Items listed in a dataset:
+ + + +

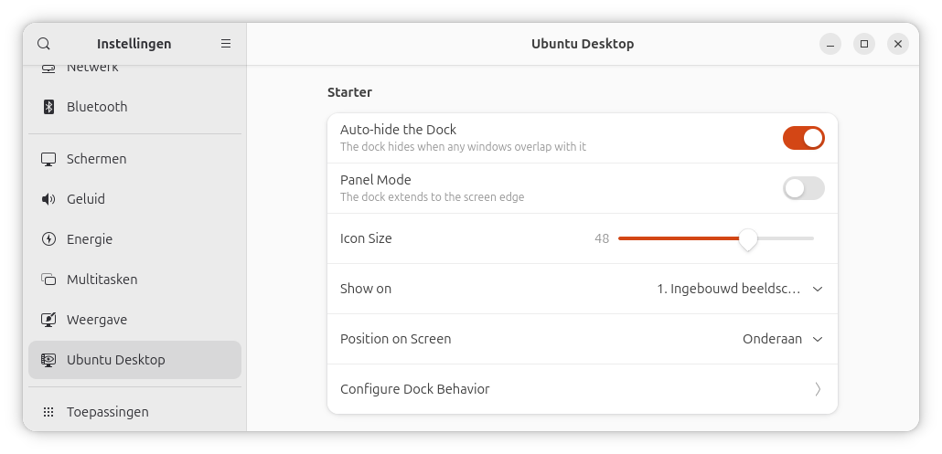 De afbeelding helemaal boven aan dit artikel is een met een paar klikken aangepast bureaublad van Ubuntu 26.04. Klik rechts op het bureaublad en kies Achtergrond aanpassen voor een andere afbeelding. En ga naar Instellingen | Ubuntu Desktop en zet Panel Mode uit bij Starter en kies voor Onderaan bij Position on Screen.
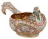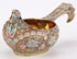 A FINE RUSSIAN SILVER-GILT AND SHADED ENAMEL KOVSH, 11TH ARTEL. The body and hooked handle overall enameled with colorful scrolling foliage and florals in the Pan-Slavic taste on a stippled gilt ground with silver beading and rope-twist rim, the interior brightly gilded. Hallmarked Moscow 1908-1917, maker's mark of the 11th Artel (11A), and 84 silver standard. Length 7.3 inches (19 cm).
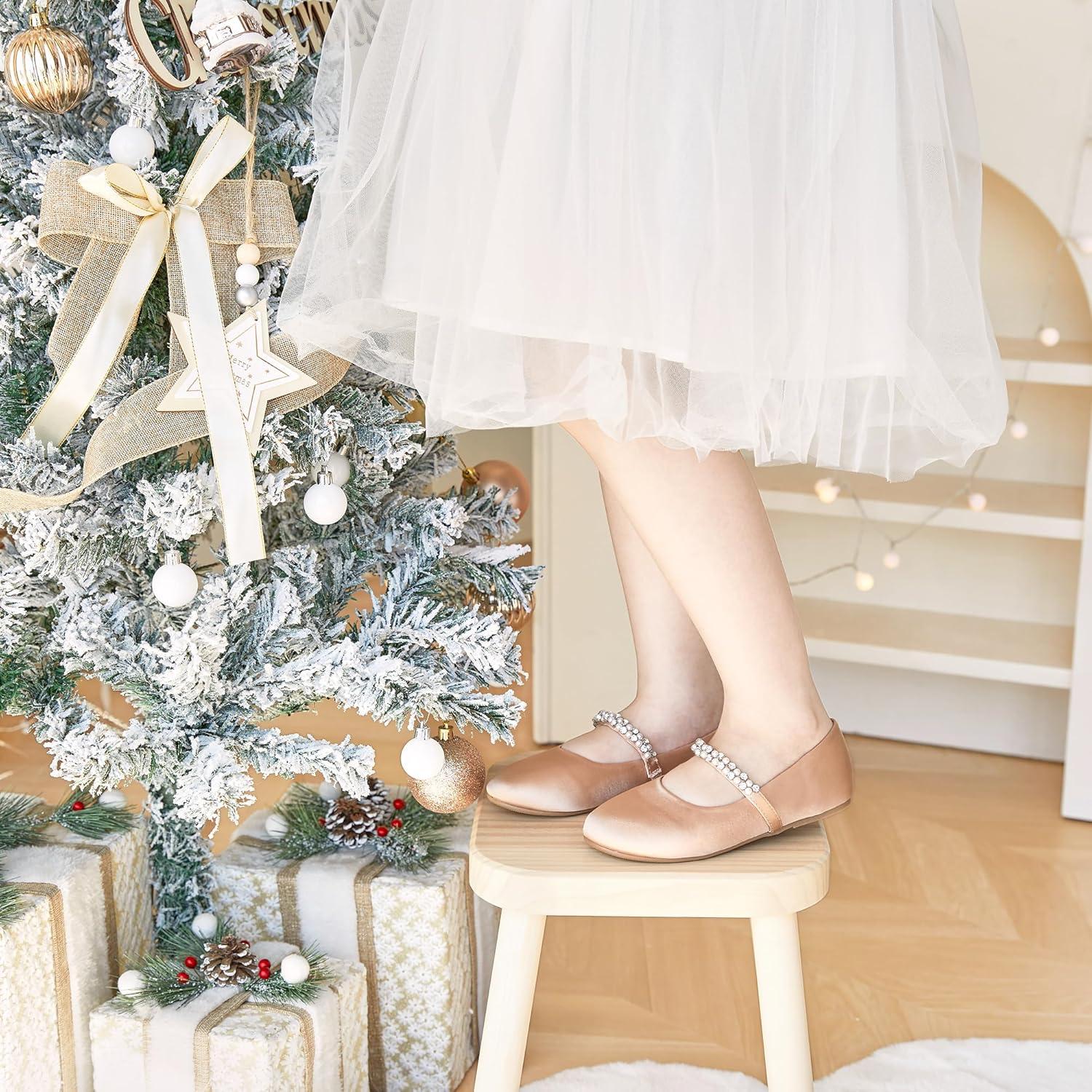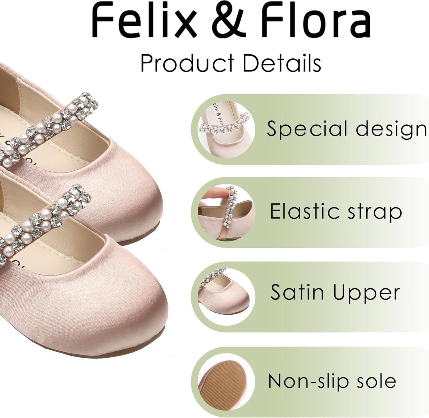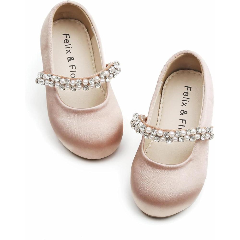 Felix & Flora Girls Toddler Little Ballet Shoes – Flower Girls Mary Jane Flats Dress Shoes Party Wedding(B862-dark Nude)
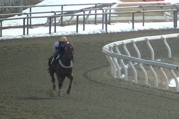 騎手免許試験第2次試験の技術の実技試験となる第1回修了実技試験に向けて、2月1日に単騎での「発走から追い込み」を行いました。
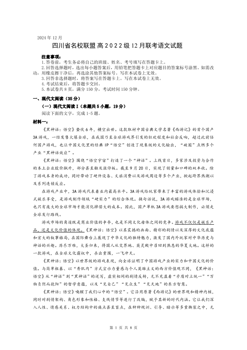 四川省名校联盟2025届高三12月联考语文
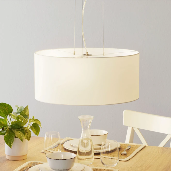 In Räumen wie dem Wohn- oder Schlafzimmer ist eine behagliche Atmosphäre wünschenswert, die zum Verweilen einlädt. Die Hängeleuchte Patrik stellt mit ihrem trommelförmigen Schirm aus Textil ein ideales Beleuchtungsobjekt für ebendiese Räumlichkeiten dar und wertet sie zusätzlich mit ihrem klassisch-eleganten Design optisch auf. Zudem sorgt sie mit drei E27-Fassungen für eine helle Beleuchtung des Raumes, die jedoch durch den Textilschirm keineswegs in den Augen blendet. Die entsprechenden Leuchtmittel können im Zubehör der Leuchte erworben werden.

+ + + +

**TASK DETAILS**
Begin with the line that contains "四川省名校联盟2025届高三12月联考语文" and repeat every line through the end of the data, exactly and only those lines, leaving out the pictures.

**ANSWER TO THIS TASK**
 四川省名校联盟2025届高三12月联考语文
 In Räumen wie dem Wohn- oder Schlafzimmer ist eine behagliche Atmosphäre wünschenswert, die zum Verweilen einlädt. Die Hängeleuchte Patrik stellt mit ihrem trommelförmigen Schirm aus Textil ein ideales Beleuchtungsobjekt für ebendiese Räumlichkeiten dar und wertet sie zusätzlich mit ihrem klassisch-eleganten Design optisch auf. Zudem sorgt sie mit drei E27-Fassungen für eine helle Beleuchtung des Raumes, die jedoch durch den Textilschirm keineswegs in den Augen blendet. Die entsprechenden Leuchtmittel können im Zubehör der Leuchte erworben werden.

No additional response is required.